No case has yet clarified what 'not bound by the employment agreement to pay' means. If the bonus arrangements are not agreed in the employment agreement, and are expressly stated in a side letter or a memo to be discretionary, the employer can most likely safely say it is not 'bound' to make the payment. Then, it will not need to include these amounts when calculating holiday pay/payments for annual leave.
But we do seem to be bound…
If, for whatever reason whether historical, or by incautious reference to bonus/incentive/profit share schemes in employment agreements, an employer believes it may be locked into an inflexible and expensive bonus or incentive or profit share arrangement, all is not lost. First, it is rare for the annual review of remuneration to include an obligation to increase. So if an employer believes that when the bonus scheme is taken into account the employee is over-remunerated, this can be reflected in how base remuneration is dealt with when it comes to annual reviews. The mix between base remuneration and bonus/incentive elements is a matter of design and preference both for employers and employees.
Many employees will prefer to have a larger element of their remuneration fixed as base remuneration, rather than run the risk that in a bad period or year their remuneration can significantly decrease.
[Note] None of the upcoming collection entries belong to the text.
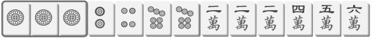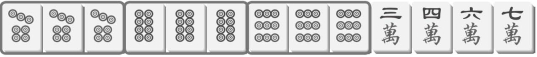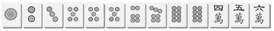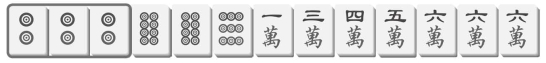 打3筒,听牌4、5、7万,3个听,机会数=9;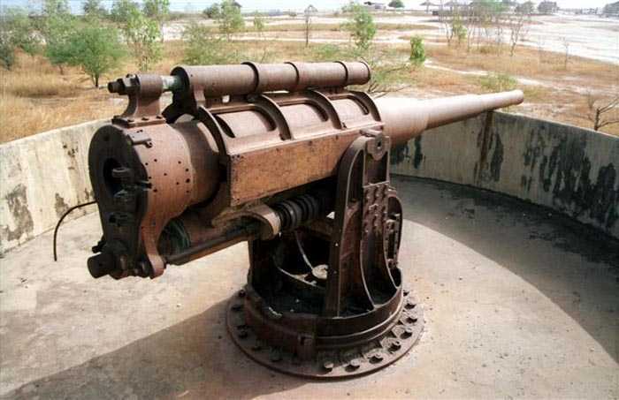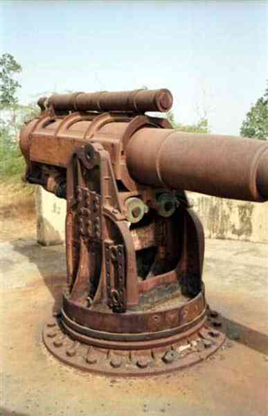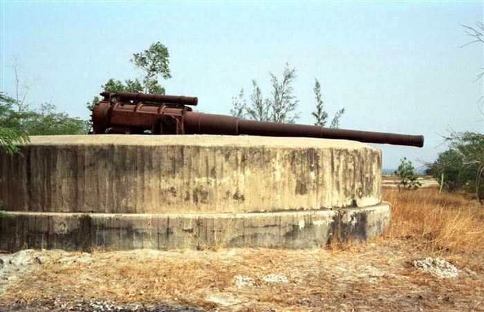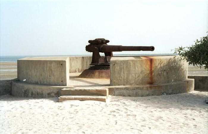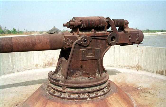 Battery installed in 1942 on the right bank of the Saloum, 15 kilometers from its mouth, for the advanced defense of the port of Kaolack. It is armed with a 100 mm gun of undetermined model on ship mounting, and a gun 138 mm Mle 1893 on ship mounting with cradle. These two pieces, coming from ships disarmed at Dakar, are installed in concrete pits. The 100 mm piece is placed right on the river bank, and the 138 mm piece, 50 meters behind. They are in fairly good condition, especially the 138 mm one. JJM 23/04/2008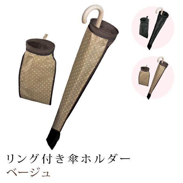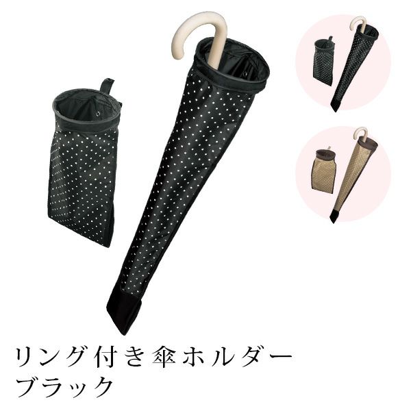 リング付き傘ホルダーのご紹介です。口に丸型のリングが付いているので、閉じただけの傘が楽に入ります。長さが2段階に調節できるので、折り畳み傘にも対応。吊り下げに便利な面ファスナーストラップ付き。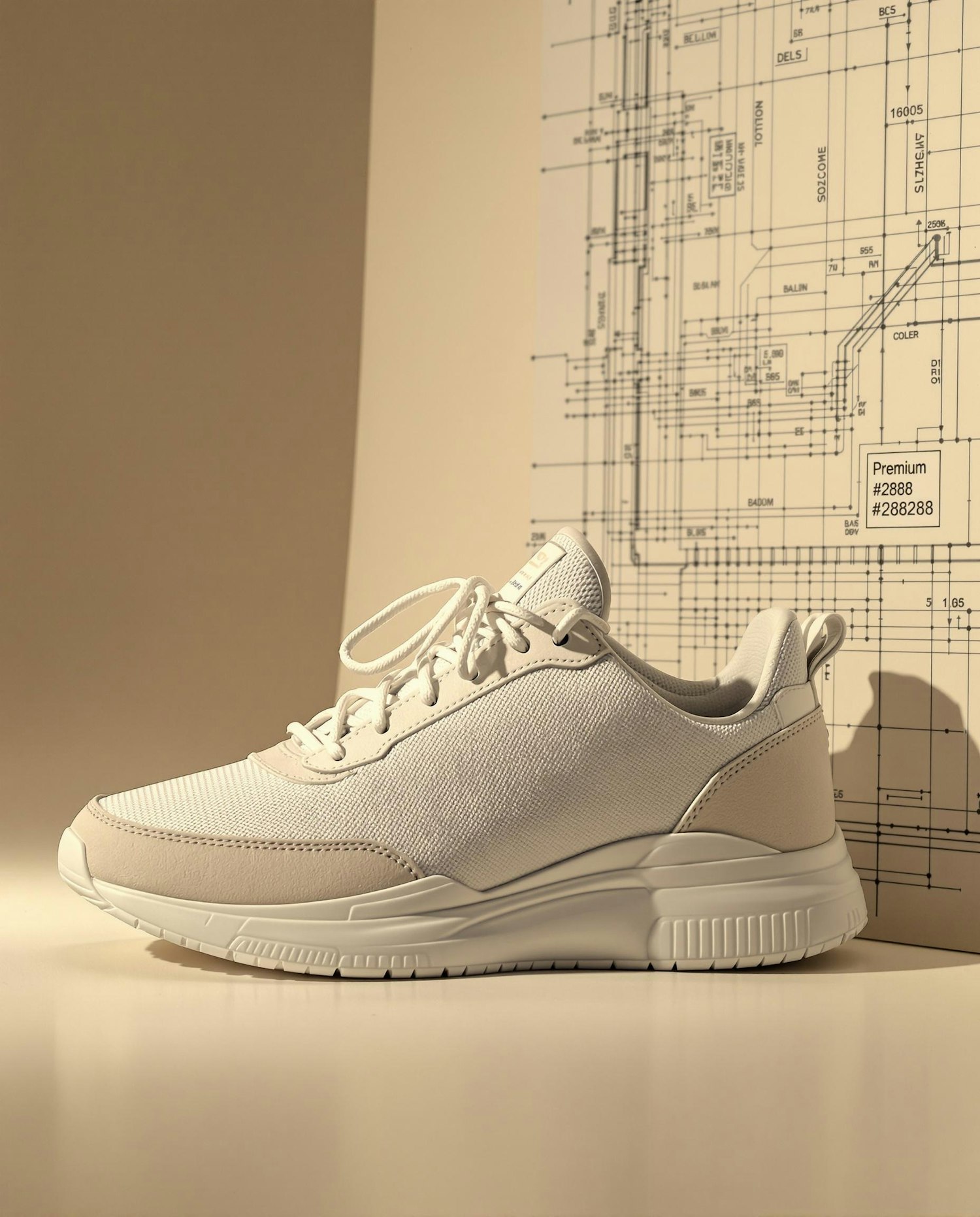 Minimalist off-white sneaker with textured fabric and smooth overlays, set against a technical blueprint background for a modern vibe.

So there is likely to be room for negotiation. The other option is to carefully explore just what wording has been used in the employment documentation. If the employer has any discretion about payments, and if the payments are not 'regular' but at long intervals, there will be room to argue that the employer is not 'bound' to pay. These matters all depend upon the fundamental relationship of goodwill and good faith between employers and their staff. The key to avoiding difficulty is careful design at the outset of the scheme, including careful drafting and consideration of where bonus/incentive/profit share arrangements are recorded.